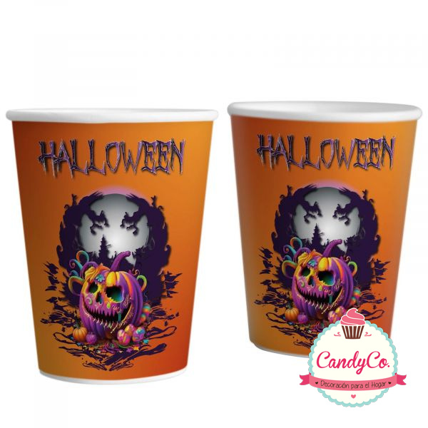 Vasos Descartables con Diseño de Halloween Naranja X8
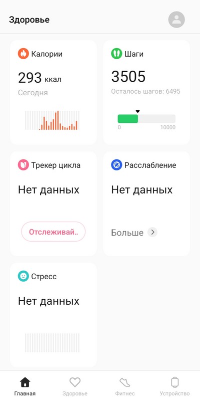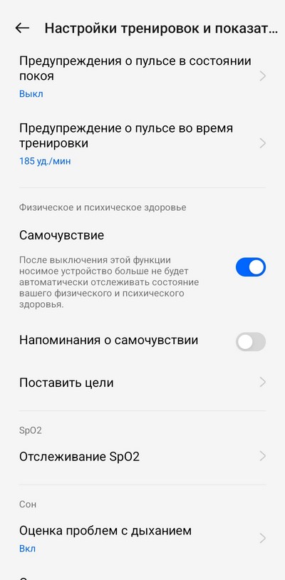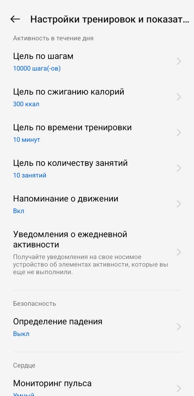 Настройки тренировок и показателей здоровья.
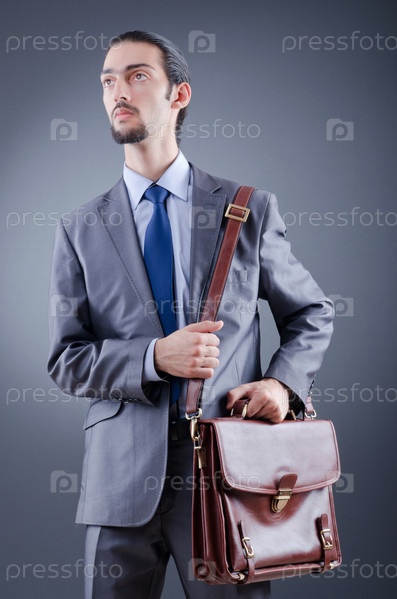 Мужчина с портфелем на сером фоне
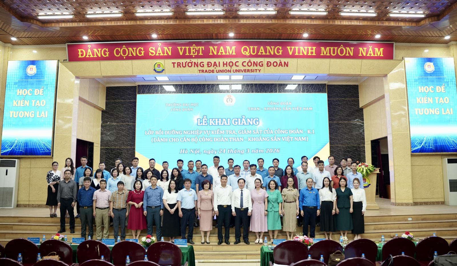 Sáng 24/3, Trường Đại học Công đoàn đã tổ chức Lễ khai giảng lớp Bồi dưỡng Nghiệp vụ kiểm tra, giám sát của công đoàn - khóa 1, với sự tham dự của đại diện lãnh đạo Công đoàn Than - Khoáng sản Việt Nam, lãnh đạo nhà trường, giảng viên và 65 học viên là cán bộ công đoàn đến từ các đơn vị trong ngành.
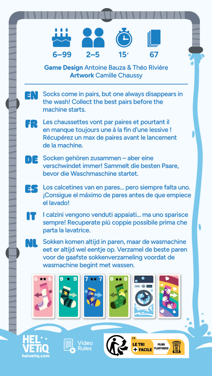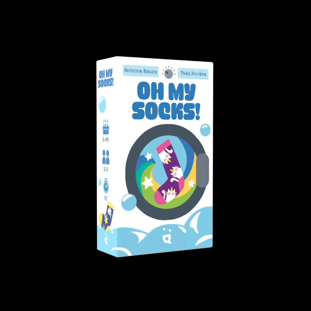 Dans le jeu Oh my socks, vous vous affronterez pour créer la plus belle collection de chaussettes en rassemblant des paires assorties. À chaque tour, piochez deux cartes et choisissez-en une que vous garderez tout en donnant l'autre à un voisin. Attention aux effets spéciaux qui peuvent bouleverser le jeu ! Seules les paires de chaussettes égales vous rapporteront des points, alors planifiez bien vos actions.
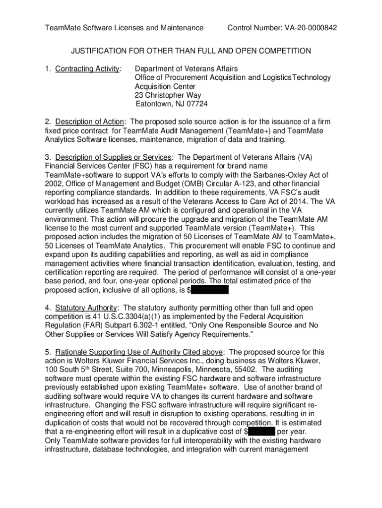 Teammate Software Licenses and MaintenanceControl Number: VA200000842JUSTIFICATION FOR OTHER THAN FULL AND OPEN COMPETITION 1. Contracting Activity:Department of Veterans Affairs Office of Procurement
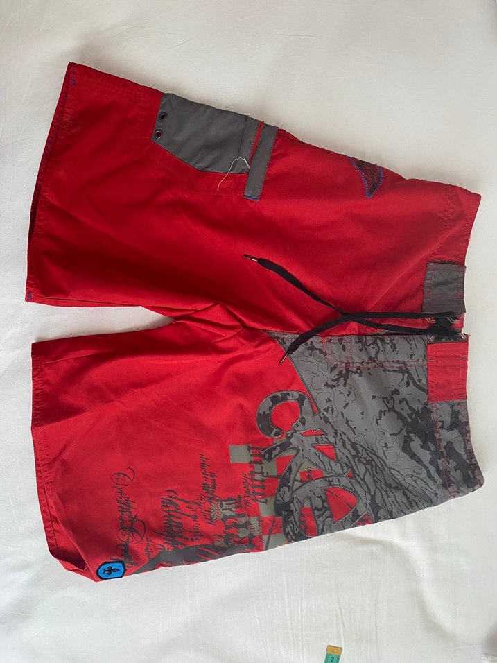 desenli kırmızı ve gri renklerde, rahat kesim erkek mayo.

...

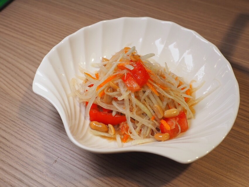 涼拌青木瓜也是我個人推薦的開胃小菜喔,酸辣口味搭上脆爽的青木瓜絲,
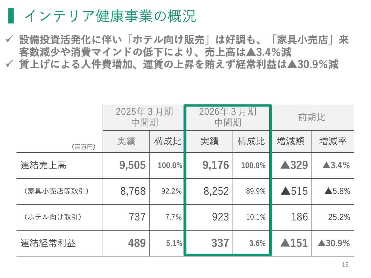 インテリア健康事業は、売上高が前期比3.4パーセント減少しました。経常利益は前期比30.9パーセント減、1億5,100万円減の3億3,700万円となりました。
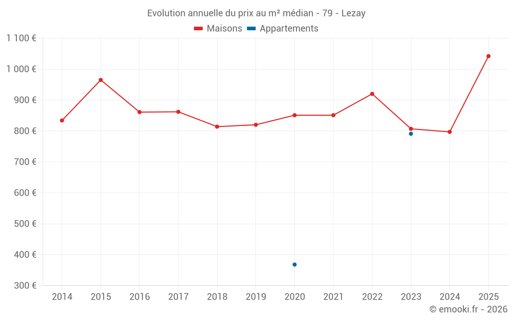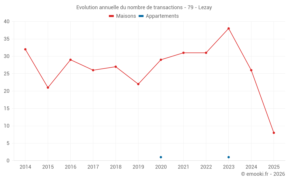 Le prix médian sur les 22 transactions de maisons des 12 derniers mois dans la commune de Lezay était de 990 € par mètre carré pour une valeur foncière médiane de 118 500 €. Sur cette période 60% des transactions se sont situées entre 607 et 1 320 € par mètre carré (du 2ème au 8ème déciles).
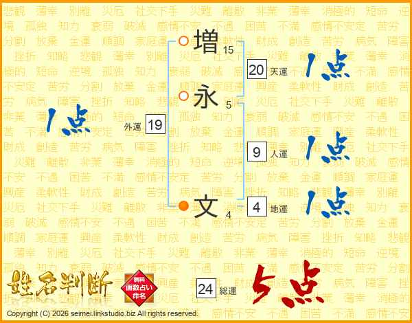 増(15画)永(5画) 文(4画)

* [WHAT IS BEING ASKED]:
Using the entries above, transcribe exactly from the line that has "Настройки тренировок и показателей здоровья." through the line that has "Teammate Software Licenses". Pictures are dropped.

* [FINISHED EXERCISE]:
 Настройки тренировок и показателей здоровья.
 Мужчина с портфелем на сером фоне
 Sáng 24/3, Trường Đại học Công đoàn đã tổ chức Lễ khai giảng lớp Bồi dưỡng Nghiệp vụ kiểm tra, giám sát của công đoàn - khóa 1, với sự tham dự của đại diện lãnh đạo Công đoàn Than - Khoáng sản Việt Nam, lãnh đạo nhà trường, giảng viên và 65 học viên là cán bộ công đoàn đến từ các đơn vị trong ngành.
 Dans le jeu Oh my socks, vous vous affronterez pour créer la plus belle collection de chaussettes en rassemblant des paires assorties. À chaque tour, piochez deux cartes et choisissez-en une que vous garderez tout en donnant l'autre à un voisin. Attention aux effets spéciaux qui peuvent bouleverser le jeu ! Seules les paires de chaussettes égales vous rapporteront des points, alors planifiez bien vos actions.
 Teammate Software Licenses and MaintenanceControl Number: VA200000842JUSTIFICATION FOR OTHER THAN FULL AND OPEN COMPETITION 1. Contracting Activity:Department of Veterans Affairs Office of Procurement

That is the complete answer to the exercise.